Tickar on Tuesday (Jan. 25) said investing in the stock market can be done with nothing more than the camera lens on a mobile phone, thanks to its scan, learn and invest approach that relies on augmented reality to simplify the investing experience.
More than 26% of all investors in the market today said they became investors in 2020 or later, as the COVID-19 pandemic and increasing popularity of cryptocurrency gave many people a new reason to throw a few bucks at something different, Tickar said in the press release announcing its launch.
The Tickar app uses augmented reality and machine learning to help stock market participants invest in the products they use every day, but might not know are also part of the stock market.
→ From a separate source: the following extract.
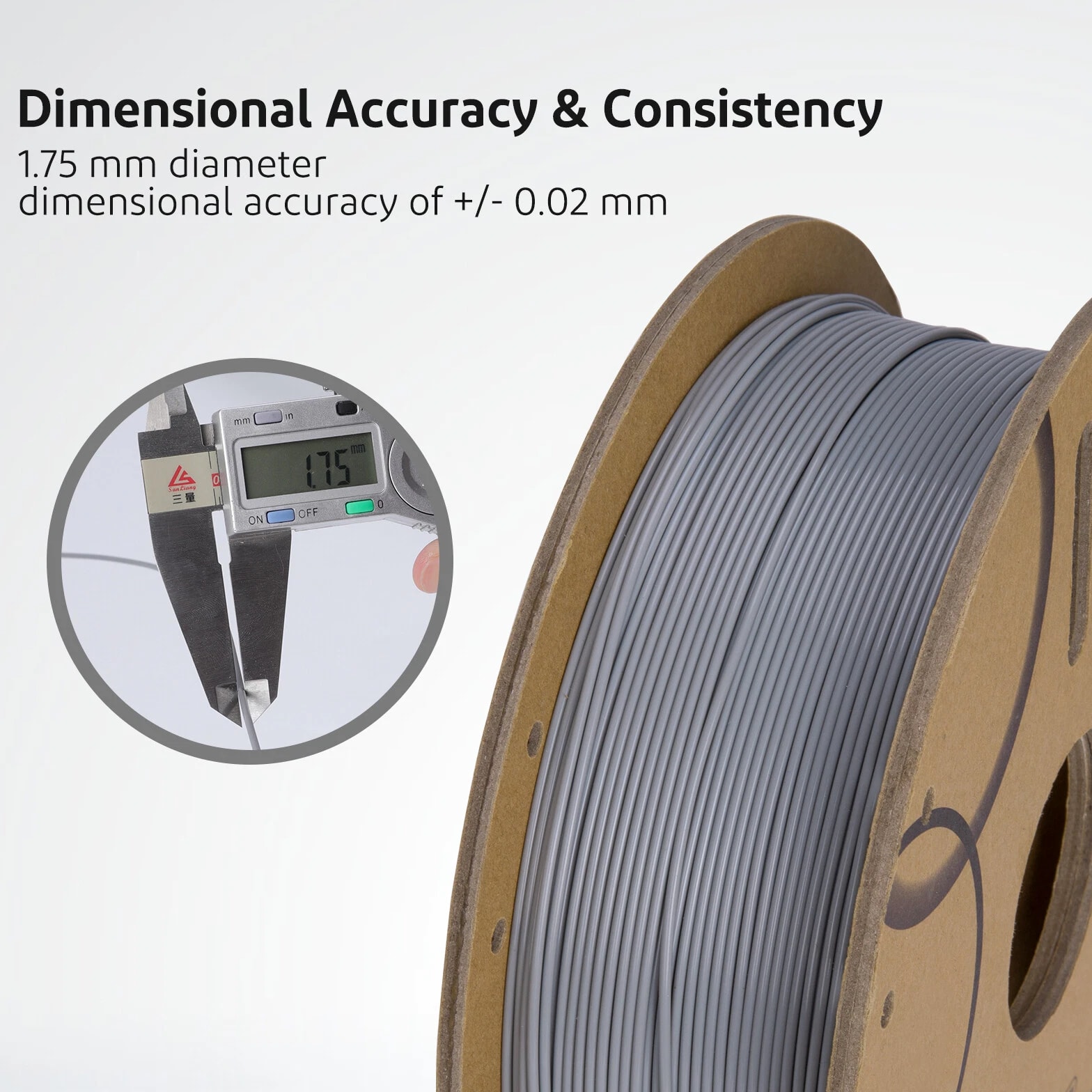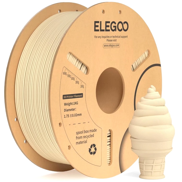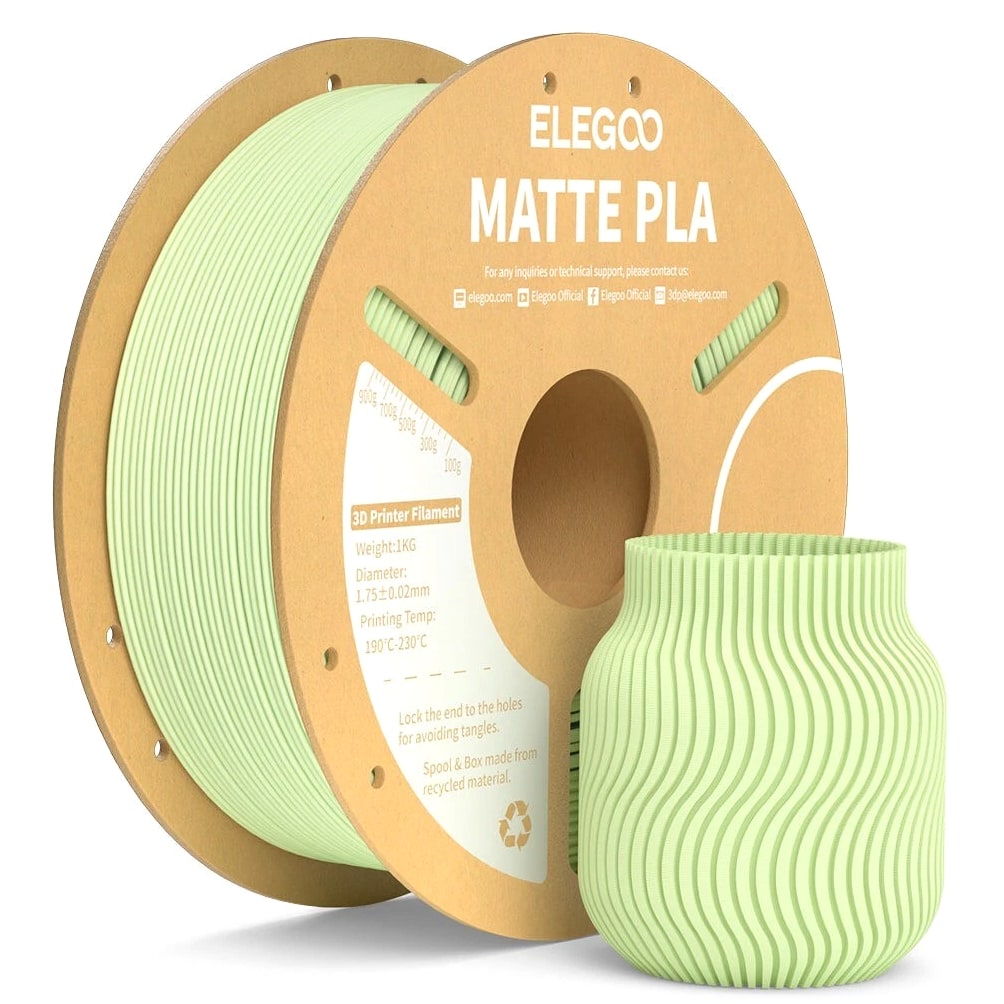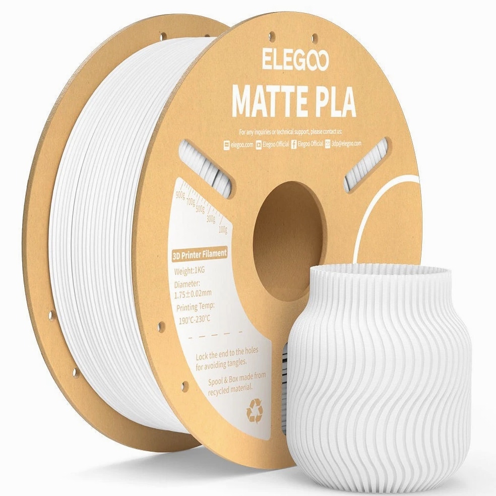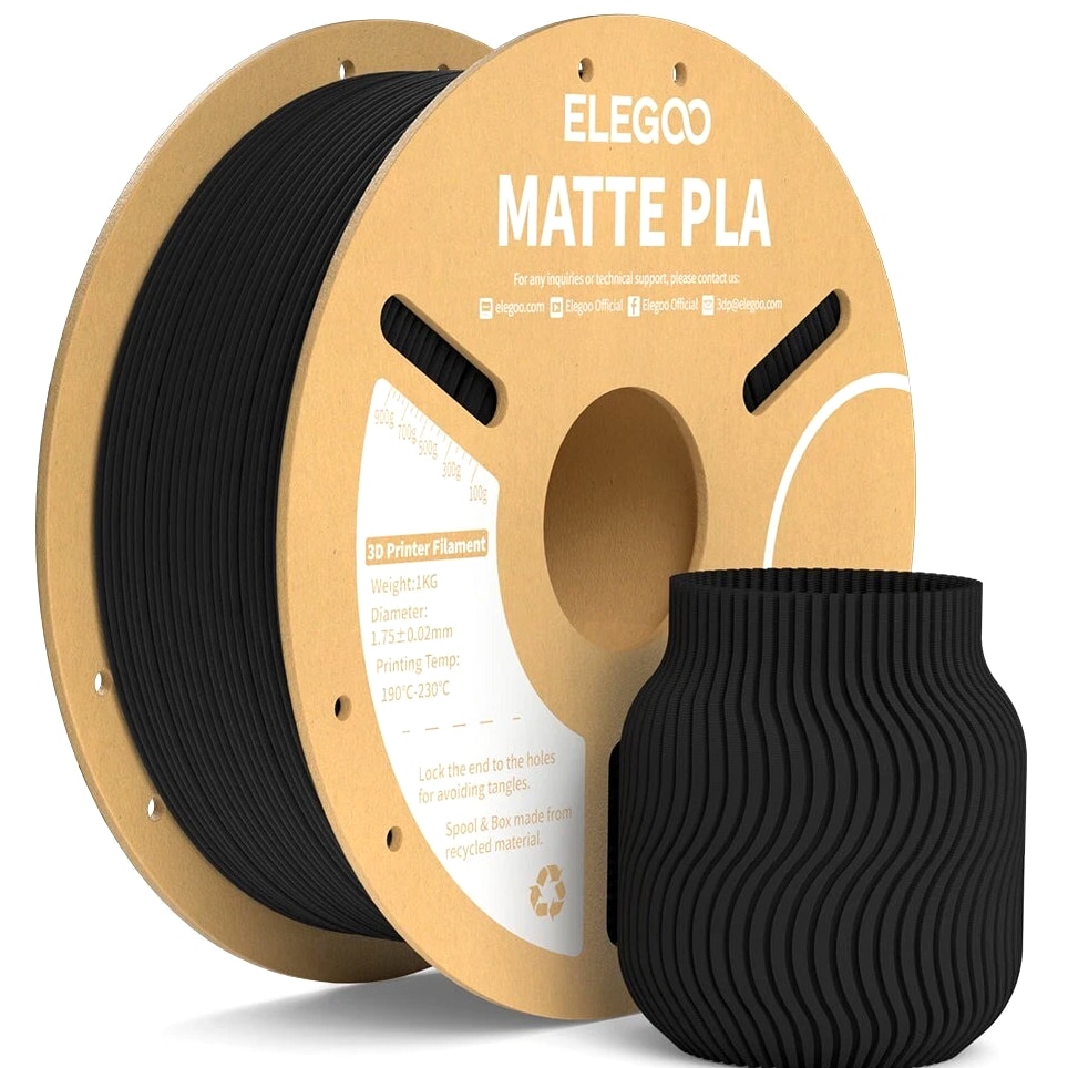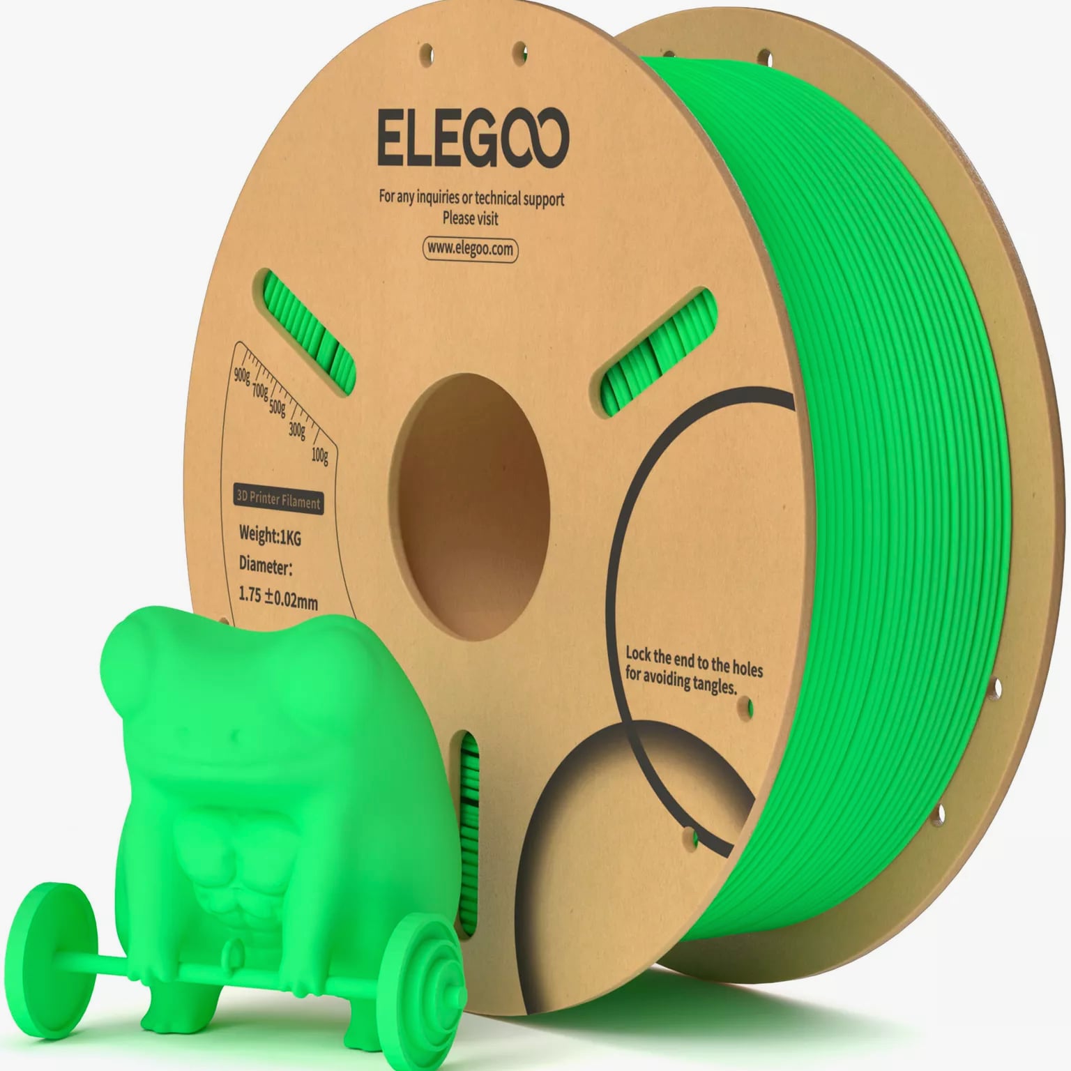 🔺Notice This "Buy 6 get 4 free" promotion requires you to add 10 items to the shopping cart and pay together. will automatically calculate the discount; you only pay for 6 pieces. 🔺Example If you want to get 10pcs, add 10pcs to cart. You only pay for 6pcs. If you want to get 20pcs, add 20pcs to cart. You only pay for 12pcs. ELEGOO PLA Filament 1.75mm 3D Printer Filament Dimensional Accuracy +/- 0.02mm, Compatible with Most FDM Printers 【High-Quality PLA Filaments】Made from high-quality PLA, a commonly used thermoplastic material featuring lower melting temperature and ease of use, minimal warp and shrinkage, odorless during printing, and provides glossy surface finish. 【Clog-Free & Bubble-Free】Engineered and manufactured with clog-free properties, superb layer bonding and excellent fluidity for smooth, stable extrusion. Completely dried for 24 hours before packaging and vacuum sealed with desiccants to protect filament from moisture; no clogging or bubbling issues. 【Dimensional Accuracy & Consistency】 Rigorous tolerances ensure these PLA filaments of 1.75 mm diameter deliver smoother and more stable printing with +/- 0.02 mm dimensional accuracy; 1 kg spool (2.2lbs). 【Low-tangle and Simple to Use】Precision mechanical winding and strict manual inspection ensure neatly arranged line with minimal tangles, avoiding possible snaps and breakage. Larger spool inner diameter for easy feeding. 【Wide Compatibility】Universal compatibility with most common 1.75mm FDM 3D printers available, due to premium manufacturing standards for accuracy and minimal +/- 0.02mm dimensional tolerance. Technical Specifications Density: 1.20g/Cm³ Melt Index: 14(190°C/2.16kg)G/10min Tensile Strength (X-Y): ≥ 50mpa Elongation At Break (X-Y): 11.2% Bending Strength: 91mpa Bending Modulus: 1913mpa Charpy Impact Strength: 5.4kj/M² Thermal Deformation Temp: 53°C(0.45mpa) Fan: 100% Line Length: (1.75

Tickar aims “to be an investment advisor in your pocket,” pointing to the metaverse and AR as key parts of its strategy. The app claims to be able to tell users whether a stock is overvalued or undervalued.
Tickar has been downloaded about 25,000 times within the first week of its launch. The company hopes to reach one million users by the end of 2022. The company hopes to help users of other investing platforms integrate those accounts under their Tickar profiles.
Related: Meta Preps For Metaverse With World’s Fastest Computer
In the metaverse front, Meta this week unveiled the AI Research SuperCluster (RSC), a supercomputer that the social media giant formerly known as Facebook says will be the fastest on earth by the middle of this year, part of its plan to enter the metaverse in an all-encompassing way.
RSC will help Meta’s AI teams construct AI models that can learn from trillions of examples and work across hundreds of languages, according to the company announcement Monday (Jan. 24). These models will also analyze text, images and video for potentially harmful content, and create new augmented reality tools.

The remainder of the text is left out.